The Crown Prosecution Service said it was trying to push up rates of prosecution and conviction for such crimes to send out a message that they would be treated seriously.
“The rise in prosecutions and convictions for disability hate crime are a direct result of the improvements we have made," a spokesperson said. “This includes training for all CPS prosecutors on prosecuting disability hate crime and working closer with the victims of hate crime, the police and other agencies to secure convictions.
“This sends out a clear message that these crimes are treated seriously and will attract a higher sentence for those who are found or plead guilty.”
Baroness Meral Hussein-Ece, the Liberal Democrats’ equalities spokesperson, said it was good that crimes were being prosecuted but worrying that there was such a significant rise in the figures. “It is appalling to see such a sharp increase in the levels of disability hate crime and discrimination,” she said.
“While it is good to see that more people are being prosecuted we know that this is an area of underreporting. What’s needed is more support for victims to empower them to report these heinous crimes.”

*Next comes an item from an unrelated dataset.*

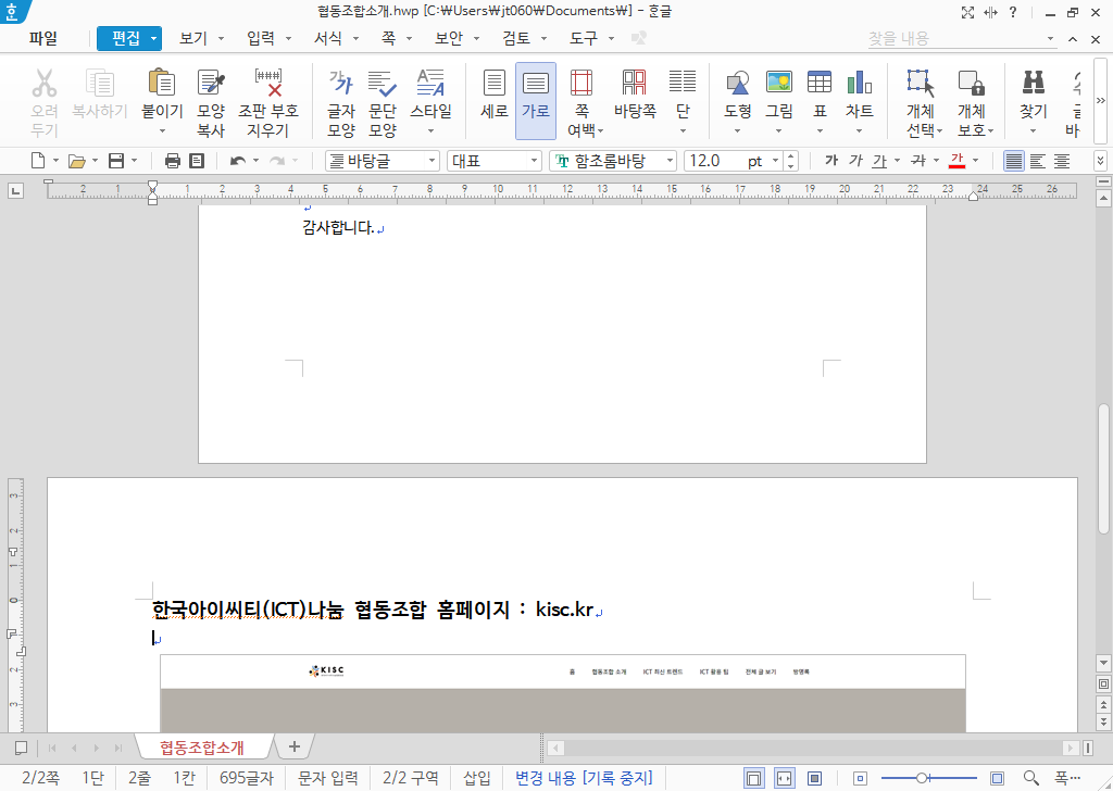 3. 편집하고 있는 문서의 커서 위치 다음 쪽에 끼워 넣기 위해 선택한 문서 파일 내용 전체가 글자 모양, 문단 모양, 스타일, 쪽 모양을 그대로 유지한 상태로 삽입됩니다.

Sarah Newton, the Minister for Vulnerability, Safeguarding and Countering Extremism said the Government was also pushing for more crimes to be reported.
“This Government is committed to building a Britain that works for everyone and we are clear that there is no excuse for hate crime of any form," she said. "We are determined to stamp it out and have published a new action plan which focuses on reducing hate crime, increasing reporting and improving support for victims.
"We also commissioned Her Majesty's Inspectorate of Constabulary to review the police’s response to the issue.
“I am pleased that more people are being prosecuted for disability hate crime – which has traditionally been underreported – but there is still more to do.”
The findings come after a report by the Equality and Human Rights Commission that warned that disabled children are almost twice as likely to be victims of crime as non-disabled children.
The Commission’s chair David Isaac said of the report: “These findings are a wake-up call that there is still much more that needs to change. We cannot hope to create a more inclusive society for future generations while disabled children continue to live in a climate of fear of victimisation.”
Peter Jenkins, the disability campaigns director for the charity Leonard Cheshire, said hate crimes against disabled people often had long-lasting effects.
“The impact of disability hate crime is devastating for disabled people and their families. Crimes against disabled people are often not even reported to the police because many victims don’t know who to talk to or how to report attacks,” he said.
“Victims of disability hate crime often continue to suffer long-lasting anxiety leaving them too scared to leave their homes.